Follow the money is a tried and true adage. Usually when the money stops coming in, the show is over. That looks to be the case with Donald Trump. He’s got a number of PACS and between them they took in $24 million in the past three months — which is quite impressive, unless you look on the other side of the ledger and realize that he spent $37 million during the same period of time, which makes a net loss of $13 million. Ouch. Daily Beast:
In real terms, Trump’s fundraising last quarter was actually something closer to $3.6 million—that’s how much he actually raised for his two main committees, which he can use for things like political activity, events, legal fees, and enriching his businesses. But while those two committees took in about $3.6 million, they also spent roughly $15.5 million on operating costs.
Those losses didn’t stop Trump’s allies from boasting to the media that the ongoing federal investigation into his hoarding of government records was playing out as a political and financial win, claiming the legal boondoggle had only energized his MAGA base. In truth, they weren’t telling the whole story—the twice-impeached former president had been hemorrhaging cash all along, while apparently struggling to convert small-dollar donors. […]
This analysis is based on recent Federal Election Commission filings from Trump’s three active fundraising committees. Over the last three months, those groups spent a combined $23 million on services associated with raising money. Accounting for just those expenses, Trump walked away with a little over $1 million. But his other costs took a major bite—legal fees alone ate up $7.5 million—leaving him $13 million in the hole, all told.
Legal fees will eat up money every time and unfortunately, the direction that Trump’s fortunes are going right now, it doesn’t look like his legal dollar is going to decrease. Au contraire, if anything, that’s the area where he’s liable to be laying out the most cash in the foreseeable future.
According to FEC reports, Save America and MAGA PAC raised a combined total of a little more than $3.6 million from donations last quarter—a far cry from $24 million.
That’s because the $24 million was raised by the third group, a joint fundraising entity called “Save America Joint Fundraising Committee” (SAJFC), which handles almost all of Trump’s fundraising.
The only real purpose SAJFC serves is to act as a middleman.
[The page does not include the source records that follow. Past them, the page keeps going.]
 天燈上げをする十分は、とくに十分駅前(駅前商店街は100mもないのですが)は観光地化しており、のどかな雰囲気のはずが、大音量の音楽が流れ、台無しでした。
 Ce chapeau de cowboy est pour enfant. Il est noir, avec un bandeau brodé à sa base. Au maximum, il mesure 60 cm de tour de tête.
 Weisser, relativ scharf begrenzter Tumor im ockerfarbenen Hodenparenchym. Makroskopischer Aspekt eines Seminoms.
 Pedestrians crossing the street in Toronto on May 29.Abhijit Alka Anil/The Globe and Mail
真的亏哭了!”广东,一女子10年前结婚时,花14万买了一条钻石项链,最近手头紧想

It doesn’t engage in political activity, but instead raises money directly from small-dollar donors and splits the proceeds between the two other Trump groups. And filings show that almost every dollar of the $3.6 million that Save America and MAGA PAC raised from donations in the last three months came from that group.
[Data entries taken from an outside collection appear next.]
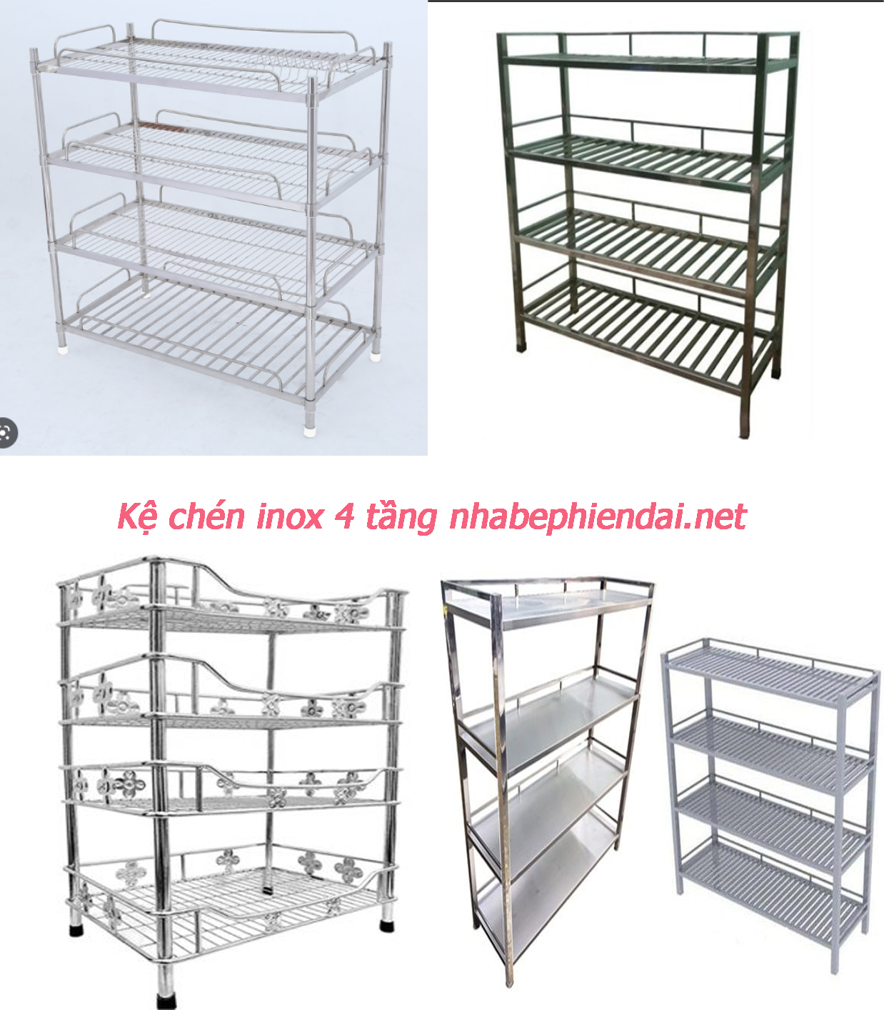 - Kệ inox 4 tầng có thanh nan: Loại kệ này có các thanh nan inox ở giữa các tầng, giúp bạn dễ dàng cất giữ các vật dụng nhỏ. Kệ thường được sử dụng để lưu trữ bát đĩa, đồ dùng nhà bếp,…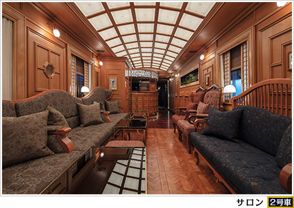 ジャパニーズモダンな雰囲気の中、乗車されたお客様との交流をお楽しみいただけます。寛ぎのソファに座って心地良い生演奏のピアノの音色に耳を傾けながら、展望用に大きく設けられた窓の外を見れば、流れ行く絶景が待っています。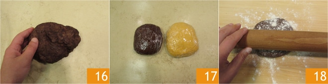 Assim, você obterá uma massa escura 16. Cubra com filme plástico ambas as massas 17 e deixe descansar na geladeira por 30 minutos. Após o tempo, abra a massa escura a uma espessura de cerca de 4-5 mm 18.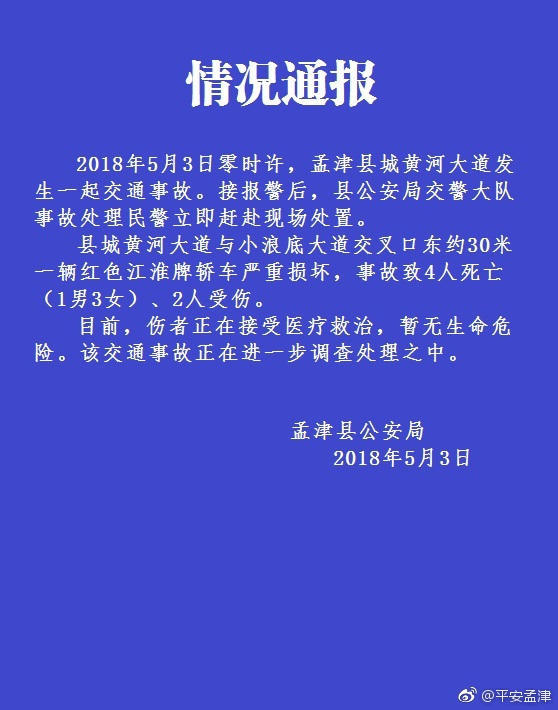 5月3日,孟津县警方证实,当日零时该县黄河大道发生一起4死2伤的交通事故,但未提及具体情况。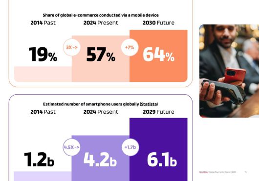 결제 기술의 진화는 소비 방식 변화에 기인한다. 2020년, 코로나 팬데믹을 기점으로 비대면 결제 수요가 증가했고, 전자상거래 규모도 빠르게 확장했다. 보고서에 따르면 전 세계 전자상거래 지출은 2014년 1조 2000억 달러(약 1683조 원)에서 2024년 6조 8000억 달러(약 9537조 원)로 6배 이상 증가했다. 이 중 스마트폰으로 결제한 비중은 2014년 19%에서 2024년 57%에 달한다. 스마트폰 사용 비중 증가에 따라 소비자 지출 방식의 재편이 이뤄진 셈이다.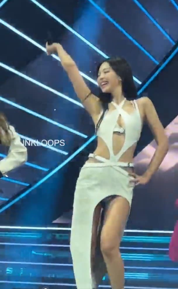 ทั้งนี้อีกชุดที่ใส่ในการแสดงอย่างชุดกระโปรงสีขาว ก็เป็นที่พูดถึงไม่แพ้กัน โดยชุดสีขาวเป็นกระโปรงที่ด้านหนึ่งยาว ในขณะที่อีกด้านถูกตัดขึ้นมานถึงบริเวณขาอ่อน แถมด้านบนของชุดนี้ ยังโชว์ความเซ็กซี่แบบจัดเต็ม ด้วยการเปิดหน้าท้องโชว์เอวหวานและแผ่นหลัง ทั้งยังมีการใส่ลูกเล่นด้วยการเพิ่มดีเทลผ้าไขว้เข้าหากันบริเวณหน้าอกอีกด้วย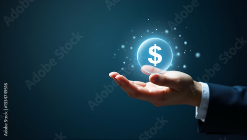 Flat Hand presenting holographic business insight strategy profitability symbol in empty space background concept as A hand showcases holographic business insight strategy profitability symbol illustr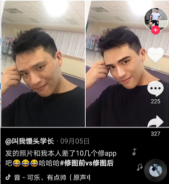 视频里动态的他们是怎样,生活中大概也不会差很多吧?这是大部分网友的想法。用镜头来检验一个真·帅哥/美女,或许是从网友们发现明星的精修图和官方视频里的差距太大,粉丝们纷纷用传说中的“生图”来安利自家偶像开始。又或许,是从大家发现如今的美颜滤镜太过夸张,网红们用得飞起全然忘记自己本来的样子,结果在直播时露出真容跑路开始。一部分抖音诈骗集团的小伙需要靠美颜、滤镜和音乐的加成,颜值和气质才能得到提升。- 抖音滤镜1.0 -

But even though SAJFC raised $24 million, it cost $22 million to get there. And as The Daily Beast reported on Thursday, more than $20 million of that spending went to services to help Trump raise money—things like web and text message ads, digital consulting, direct mail, donor lists, online merchant fees, and the like.
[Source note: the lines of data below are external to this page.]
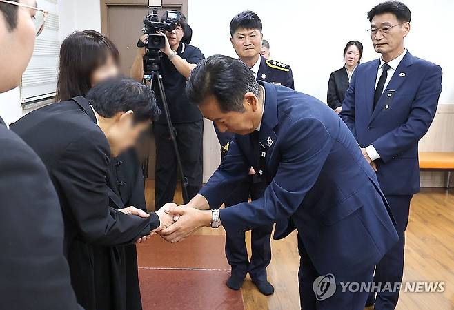 (인천=연합뉴스) 임순석 기자 = 더불어민주당 정청래 대표가 12일 인천 동구의 한 장례식장에 마련된 해양경찰관 고(故) 이재석 경사 빈소를 찾아 조문한 뒤 유가족을 위로하고 있다.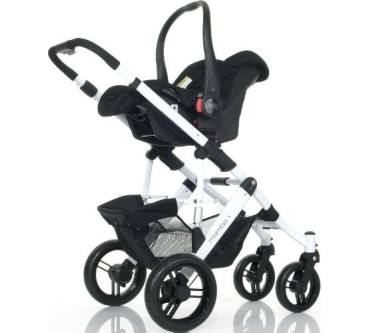 Als Kombikinderwagen hat er eine lange Nutzungsdauer ab der Geburt bis ins Kindergartenalter: Zu Beginn liegt der Nachwuchs in der Babywanne, etwa mit sechs Monaten steigt er auf den mitgelieferten Sportsitz um, ein separat erhältlicher Autositz der Normgruppe 0+ kann mittels Adapter ebenfalls für den Baby-Transport verwendet werden. Besonderes Plus: Die Babywanne ist mit 76 x 36 Zentimetern so gut dimensioniert, dass Babys nicht schon vor Erreichen des Sitzalters auf den Sportsitz umsteigen müssen. Letzterer wiederum ist in der Rückenlehne mehrfach bis in die Ruheposition verstellbar – für kurze Nickerchen in Shoppingpausen findet sich auch fortgeschrittener Nachwuchs nur selten zu alt. Weiterer Vorteil: Die Sitzeinheit ist in beide Richtungen montierbar – ein Vorteil vor allem dann, wenn der Nachwuchs noch sehr kein ist oder etwas isst, hier haben Eltern gerne Sichtkontrolle.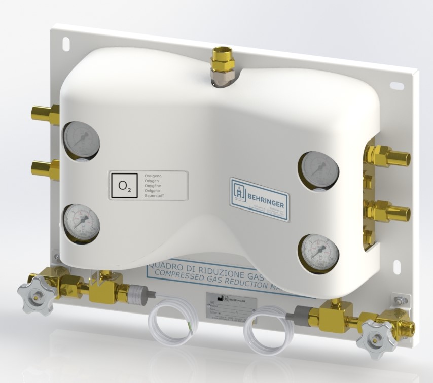 Tableau de distribution 1er étage pour oxygène à haut débit avec échange automatique disponible avec réarmement manuel et automatique; calibré à 9 bar en sortie, il atteint un débit maximum de 150 mc/h en oxygène dans la version à réarmement manuel, 135 mc/h dans la version entièrement automatique; disponible avec pressostat; composé de deux lignes de réduction à double tête, il garantit la continuité de l’alimentation avec une stabilité à haute pression; très compact, il est complété par une plaque en acier thermolaqué et un couvercle en polycarbonate blanc léger et pratique à installer.

Trump still has his war chest, estimated at $92 million, which is more than the RNC has and don’t think that doesn’t rankle them. And that is most likely how Trump’s legal fees are going to get paid at all. Donor fatigue is a very real thing. So is a drop off in small dollar donors. Trump appears to be experiencing both of those things.
He’s still putting up posts regularly on Truth Social about how he’s the most popular candidate and the 2024 nomination is a shoo-in. Let’s see what’s left in the bank as he gets closer to the finish line.